- **Task input**
+++

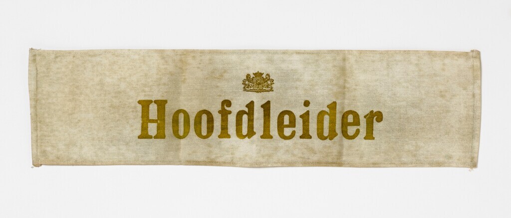 Een wit katoenen mouwband met gee-groene opdruk: "Hoofdleider" en wapen van Den Haag.
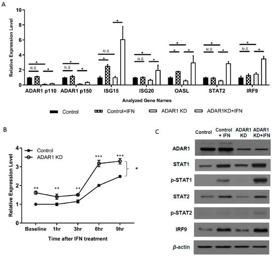 Multiple reports have shown the suppressive role of ADAR1 on IFN signaling [19,20]. We, therefore, started by validating the IFN response of control and ADAR1 KD cells. In the absence of IFN stimuli, RNA levels of most ISGs were not altered or slightly decreased (Figure 2a; * p < 0.05; N.S., Not Significant) in ADAR1 KD cells, except for IRF9 and STAT1, which showed a significant increase (Figure 2a,b; ** p < 0.01, *** p < 0.001). As expected, IFN treatment significantly increased the RNA expression of all tested ISGs in ADAR1 KD cells (Figure 2a). We also found that the level of STAT1 mRNA was dynamically upregulated after 1–9 h of IFN treatment in ADAR1 KD cells (Figure 2b; p = 0.049, ANOVA test). Consistently, immunoblot confirmed that the protein levels of STAT1, p-STAT1, and IRF9 were further increased upon the knockdown of ADAR1 in the presence of IFN (Figure 2c, Supplementary Figure S2 for quantitation).
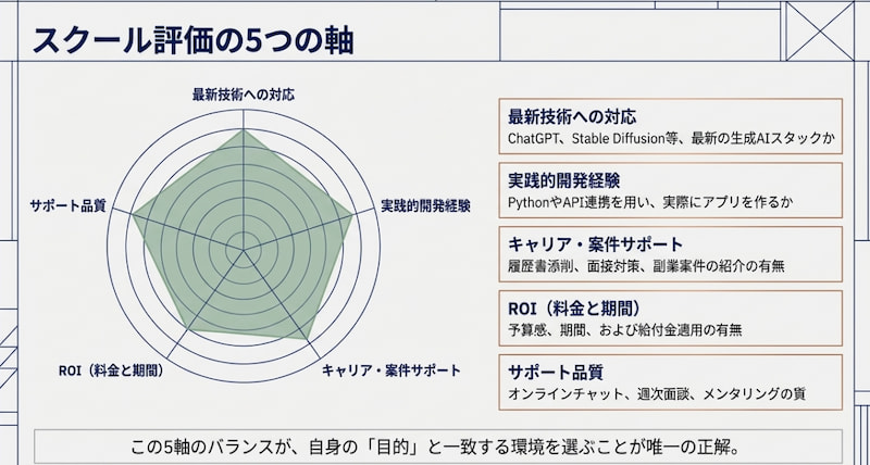 生成AIエンジニアを目指すうえで、スクール選びは非常に重要なポイントです。どのスクールを選ぶかによって、学習効率やその後のキャリアに大きな差が生まれます。
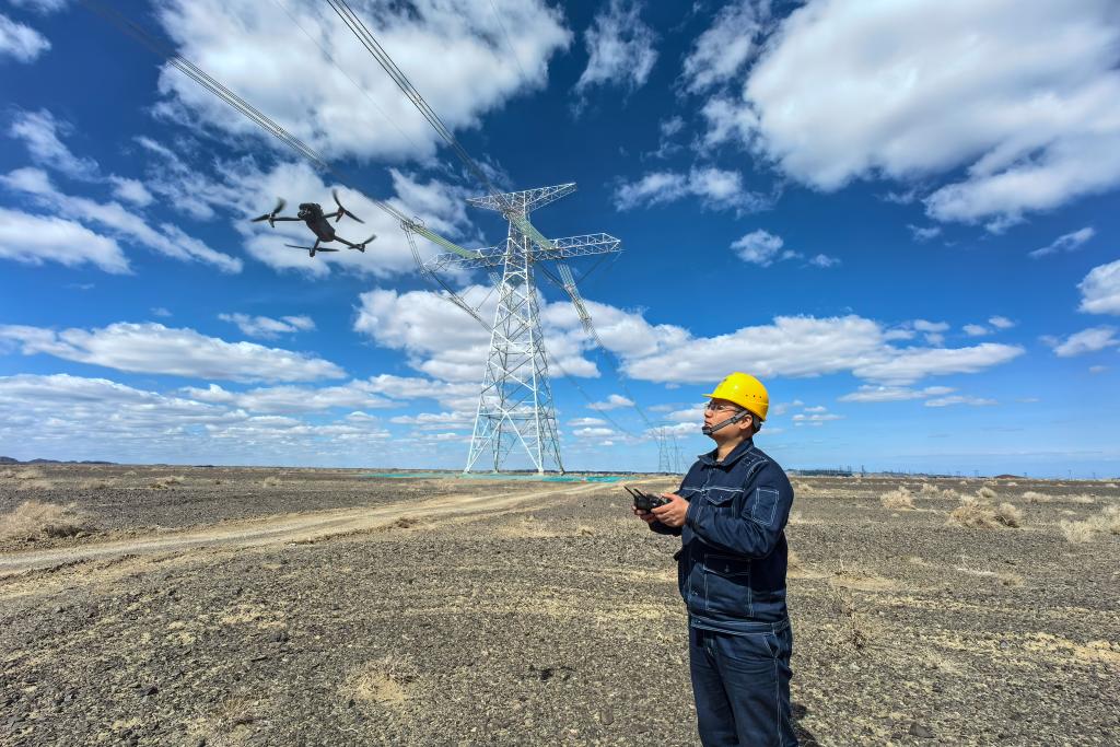 在新疆哈密市,电力员工操纵无人机对哈密—重庆±800千伏特高压直流输电工程进行验收(4月3日摄)。
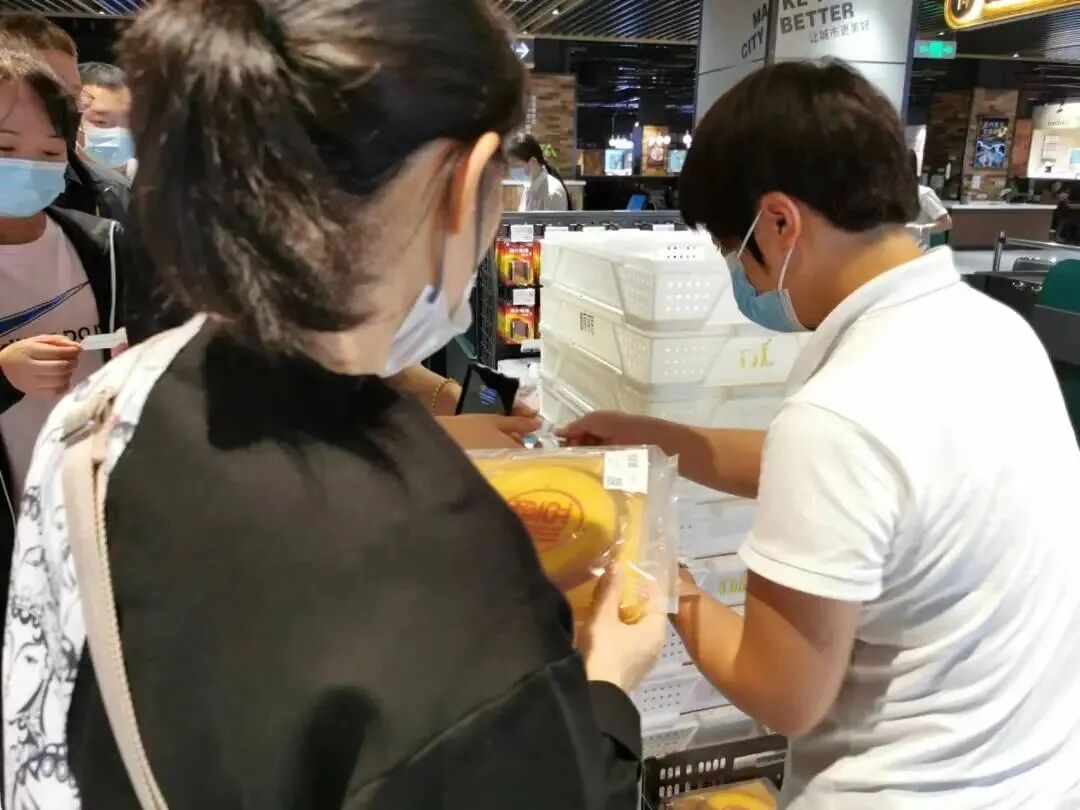 随着顾客的热情不断升温,胖东来大月饼迅速走红刷屏网络,遭到市场疯抢,更有很多顾客通宵排队,高价代购等买月饼。
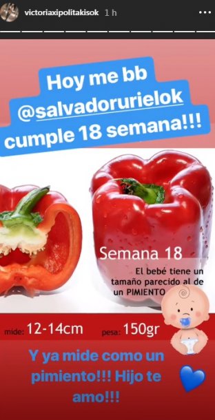 Vicky Xipolitakis transita la semana 18 de embarazo y compartió con sus seguidores la ecografía donde se nota a la perfección el rostro de Salvador Uriel. Muy contenta, la modelo mostró que, según una aplicación, el bebé mide entre 12 y 14 centímetros y pesa 150 gramos.
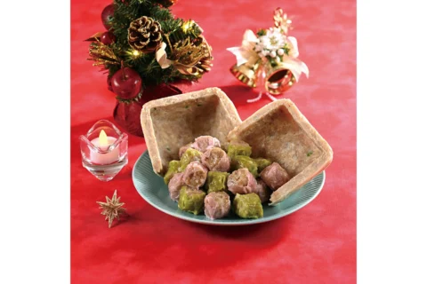崎陽軒本店のウェディングなどで人気の「ジャンボシウマイ」を家庭で楽しめるようminiサイズにアレンジした「おうちでジャンボシウマイ mini」が、華やかなシーンにぴったりなXmasバージョンで今年も登場。いつもとひと味違った演出で、Xmasや新年のパーティーを盛り上げてみてはいかが。
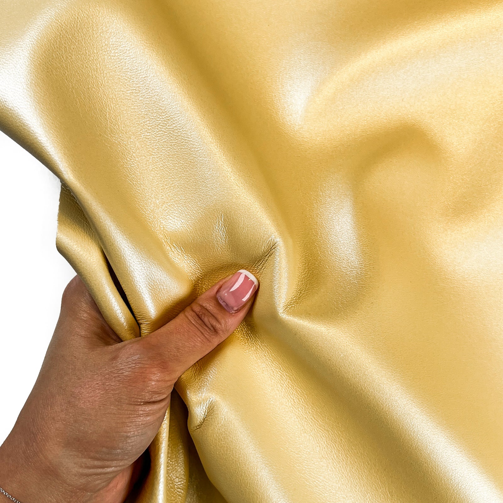 Yellow lambskin leather with unique perlamuter shine! Amazing leather for bag and purse crafters will be long-lasting. Our mission is to provide only the highest quality Italian leather to other leather workers, crafters of all kinds, small businesses, or shops for your projects.
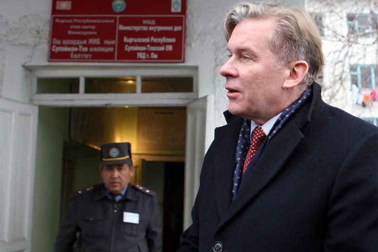 The OSCE Chairperson-in-Office, Lithuanian Foreign Minister Audronius Ažubalis (r), visits a local police station to discuss OSCE support for police reforms, in Osh, Kyrgyzstan, 2 March 2011.
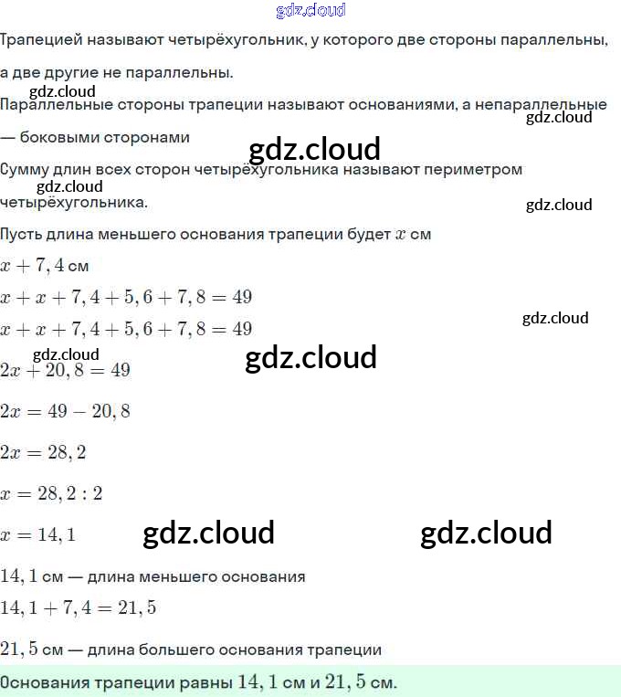 § 8. Трапеция Ответы. Глава 1. Четырехугольники по Геометрии 8 класс Учебник Мерзляк Алгоритм успеха Вентана-граф
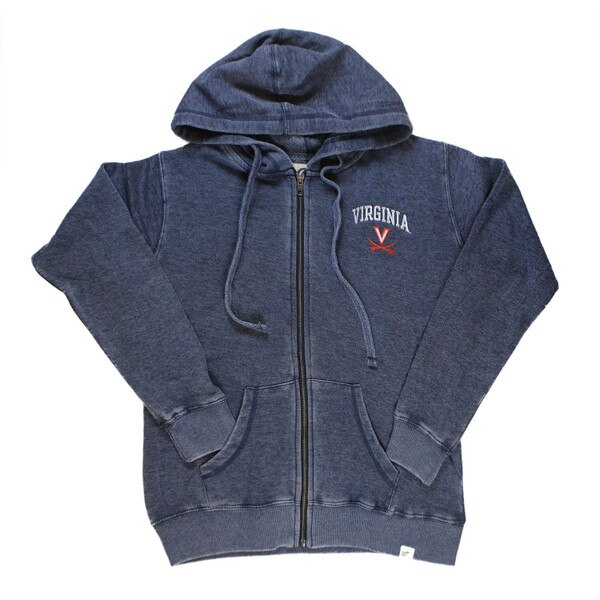 Stay cozy and stylish with this University of Virginia women's navy weathered full-zip hooded sweatshirt, featuring a soft, relaxed fit and embroidered UVA logo. Designed with front pockets and adjustable drawcords, it's perfect for game days or casual outings.
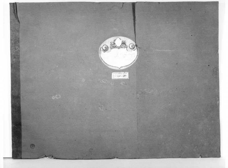CARTELLINI: Nel piatto superiore al centro, è stato incollato un cartellino profilato da una cornice azzurra stampata e decorata con putti, mascheroni e festoni, all'interno manoscritta a lapis: “La Via Crucis/del Sabatelli”; Nel piatto superiore al centro è stato incollato il cartellino stampato "COLLEZIONE ARTISTICA BARTOLINI/catalogo/Num. progress. […]/Sez. […] N. […]”.
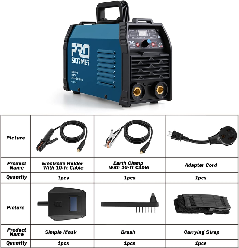 Package : 1 x Stick welder ,1 x Electrode Holder with 10 feet Cable, 1 x work Clamp 10 feet Cable , 1x Power Cord , 1 x Brush and Hammer , 1 x mask , 1 x carrying strap , 1 x User Manual
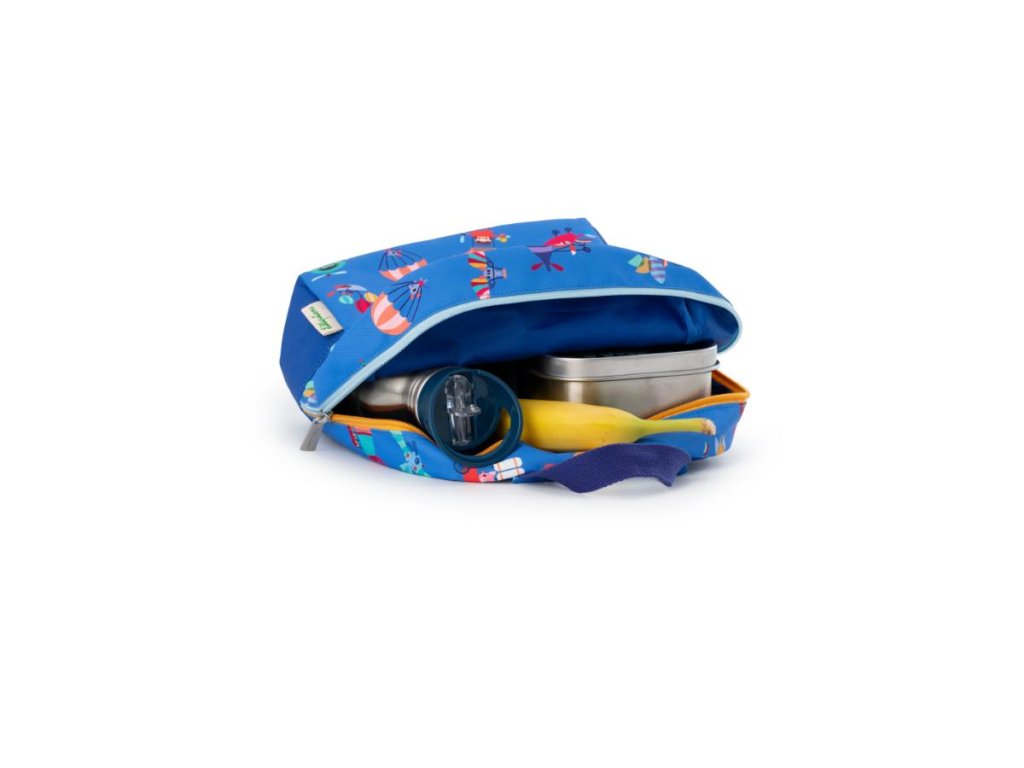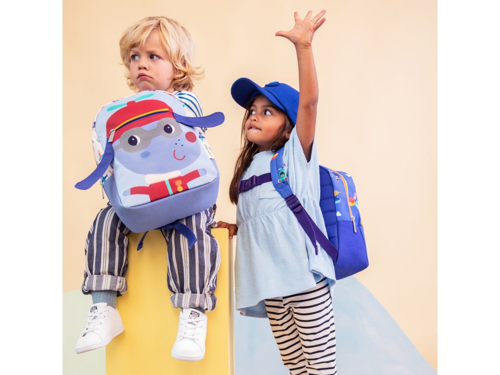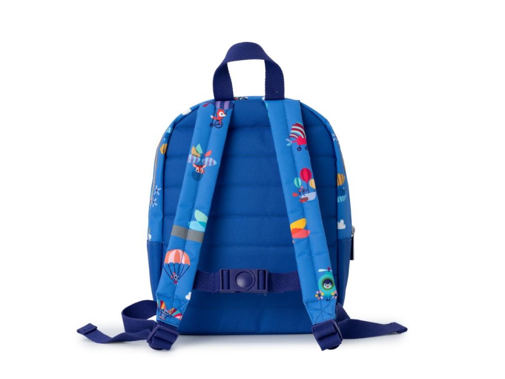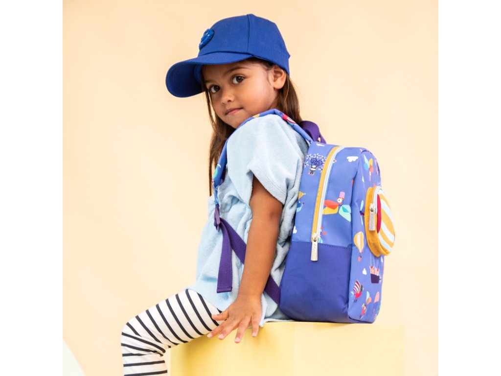 S týmto batôžtekom sa z každej prechádzky stane nezabudnuteľné dobrodružstvo. Batôžtek s predným vreckom v tvare vzducholode je určený pre deti od 2 rokov. Jeho rozmery sú 23,5 x 14 x 30 cm. Batôžtek je ideálny na prechádzku, do škôlky, na výlety. Do vnútornej veľkej komory sa krásne vojde desiata, fľaša na pitie, hračky a iné detské nevyhnutnosti. Praktická je aj gumička pre uchytenie fľaše s vodou a odkladacia priehradka. Na prednej strane je vrecko na zips, ku ktorému majú deti ľahký prístup. Batôžtek má nastaviteľné ramenné popruhy a praktické pútko pre prenášanie. Hrudný popruh drží batoh bezpečne na chrbte vášho dieťaťa. Batôžtek je uzatvárateľný na zips. Vyrobené z PET – 100 % recyklovaný polyester. Možno prať v práčke na 30 °C – šetrný cyklus.
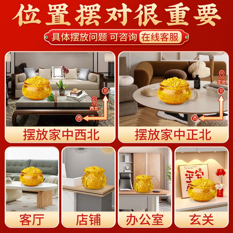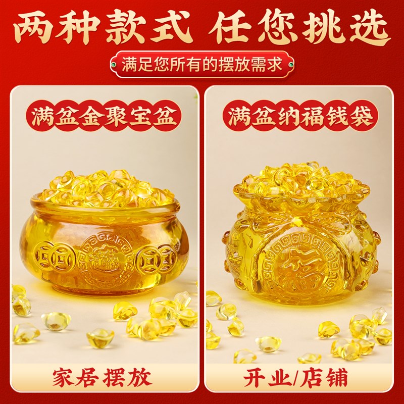 速发聚宝盆摆件聚财黄水晶琉璃元宝财神桌面办公室门开业礼物
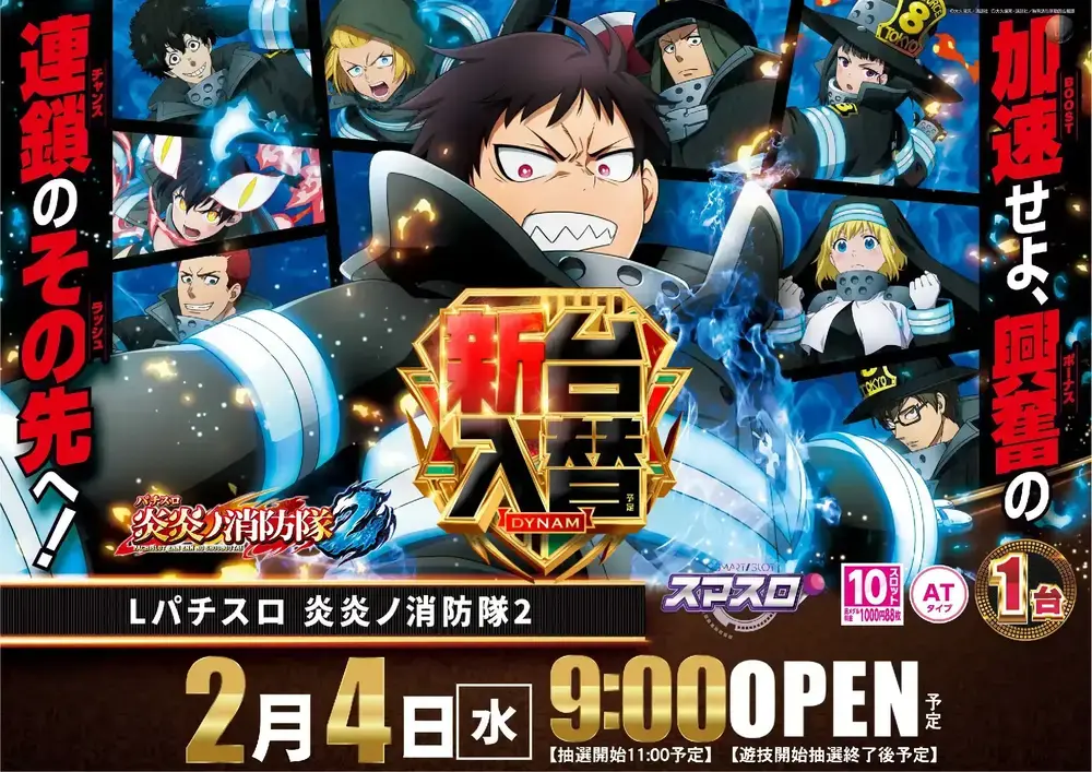 10スロット≪1000円88枚≫ ★Lパチスロ 炎炎ノ消防隊2 1台
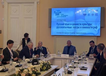Далее приняли участие в Круглом столе «Русский язык и ценности культуры: русскоязычные театры и кинематограф».
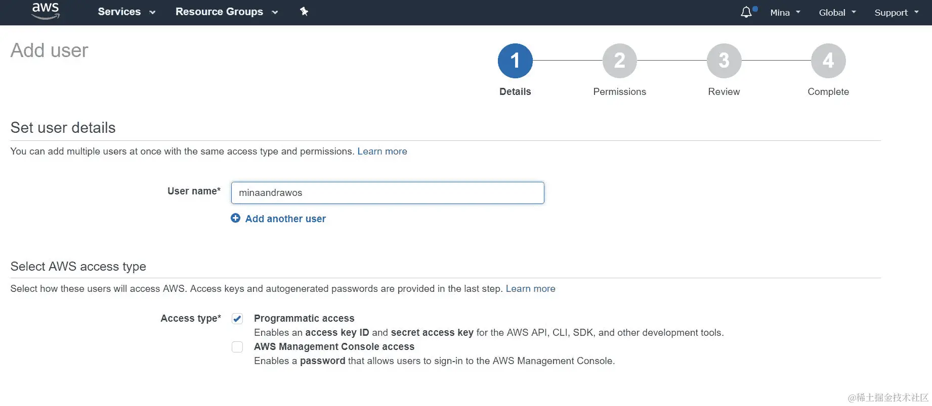 然后,您将被引导使用用户创建向导来帮助您创建用户并生成访问密钥。在此向导的第一步中,您将可以选择用户名并选择用户的 AWS 访问类型。AWS 访问类型包括两种主要类型:程序访问或 AWS 管理控制台访问。显然,为了创建可以被 AWS SDK 使用的用户,我们需要选择程序访问,如下所示:
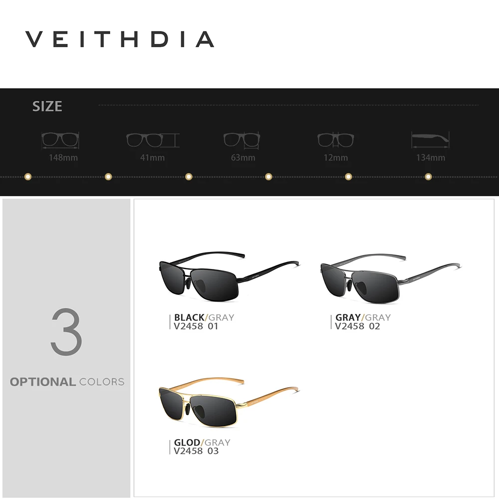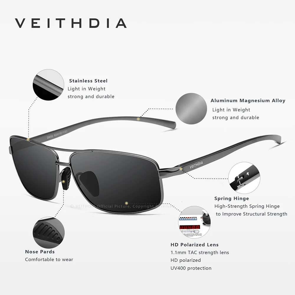 Бренд VEITHDIA, солнцезащитные очки, поляризационные, UV400 линзы, мужские, винтажные, алюминиевая оправа, солнцезащитные очки, очки, аксессуары для мужчин 2458
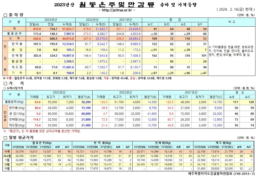 [월동&만감]2023년산 출하 및 가격동향(2/16)
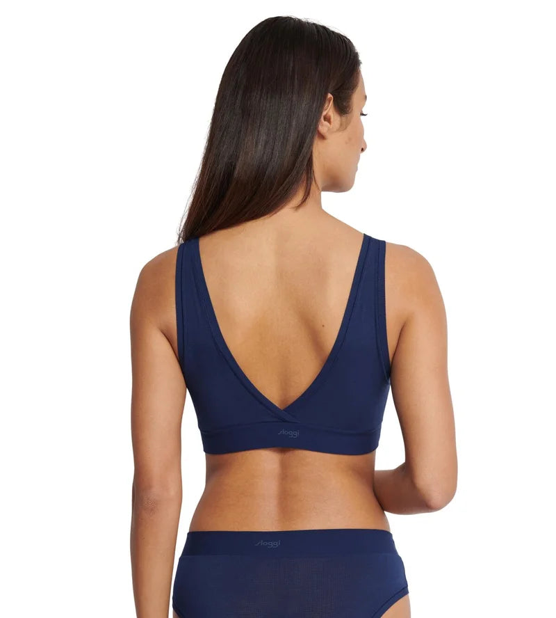 A True Navy bralette offering wire-free ease with smooth adaptive stretch for a personalised fit.

+++

- **Action item**
The lines from the one with "AWS 访问类型。AWS 访问类型包括两种主要类型:程序访问或" to the end of the data above should be retyped exactly, both ends included, and pictures are to be left out.

- **Exercise output**
 然后,您将被引导使用用户创建向导来帮助您创建用户并生成访问密钥。在此向导的第一步中,您将可以选择用户名并选择用户的 AWS 访问类型。AWS 访问类型包括两种主要类型:程序访问或 AWS 管理控制台访问。显然,为了创建可以被 AWS SDK 使用的用户,我们需要选择程序访问,如下所示:
 Бренд VEITHDIA, солнцезащитные очки, поляризационные, UV400 линзы, мужские, винтажные, алюминиевая оправа, солнцезащитные очки, очки, аксессуары для мужчин 2458
 [월동&만감]2023년산 출하 및 가격동향(2/16)
 A True Navy bralette offering wire-free ease with smooth adaptive stretch for a personalised fit.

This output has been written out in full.